Moreover, the city faces a worrying $4.25m financial hole due to the cancellation of a host of Biden-era programs and grants by the Trump administration.

Springfield and its businesses aren’t alone in dealing with the fallout of the Trump administration’s immigration policies.

Experts say it has consequences for businesses and companies right across the country. In June, the Association of Equipment Manufacturers (AEM) said that ending visas for international workers would leave 85,000 jobs unfilled.

“Stripping [immigrants’] ability to work and threatening them with removal is not just a human cost; it is an economic one,” an AEM executive wrote in the Washington Examiner.

Small communities in Indiana, Pennsylvania and elsewhere in Ohio that enjoyed an economic rebound in the aftermath of the pandemic are also experiencing depressed purchasing power due to White House-fueled job cuts.

“Trump’s immigration policy slowed inflows. Suddenly, more firms have seen their immigrant worker supplies decline, forcing them to pay more to attract native workers, thereby placing upward pressure on inflation,” says Mark Muro, a senior fellow at the Brookings Metro thinktank.

“This, combined with Trump’s tariffs, has created serious upward price pressure along with the rise in labor costs – not a great combination for many US producers in the heartland.”

Without the ability to work, many Haitians are leaving the US.

According to the Immigration and Refugee Board of Canada, more than 26,000 Haitians sought asylum there in the first six months of 2025, many who are thought to have fled the US. By contrast, just 21,756 claims were made for all of 2024.

Many Haitians in Springfield, however, are stuck in place, without jobs and with bills mounting up.

“A lot of people have work problems – we have lost half our customers,” says Youdins Solon, who helps out at his family’s Keket Bongou Caribbean restaurant in south-east Springfield. Solon moved to Springfield last March, having lived in Florida for 18 months prior. But by the summer, he lost his job at a local Amazon distribution center when his immigration status was revoked.

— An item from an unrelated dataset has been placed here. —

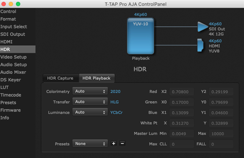 Mit der Desktop Software v16 ist HDR over SDI auf ausgewählten AJA Kona und Io Produkten und dem neuen T-TAP Pro Gerät verfügbar. Die mitgelieferte AJA Control Panel Software verfügt über eine neu gestaltete HDR-Registerkarte, die Steuerelemente für die gleichzeitige Signalisierung von HDR über SDI und HDMI bietet. Zu den neuen HDR-Funktionen für AJA Control Room und AJA Control Panel gehören die zusätzliche Erfassung von HDR-Metadaten und die automatische Erkennung von HDR-Wiedergabe für eine einfachere Handhabung bei kritischen Überwachungsanwendungen. Um AJAs 8K-Workflows weiter zu optimieren, fügt das v16-Update auch Kona 5 8K-Überwachungs- und Ausgabefunktionen für Apple Final Cut Pro und Avid Media Composer hinzu.

He says he is one of hundreds who’ve been laid off.

“I’m lucky because I have my family here, but for a lot of people, they moved [out of Springfield] because they were afraid of the situation.”

But for those who have staked their businesses on a thriving immigrant community in Springfield, it’s not easy to pack up and leave.

“We order Haitian food from companies in Florida and Chicago every two weeks,” says Mercado, “but now, that’s greatly reduced.”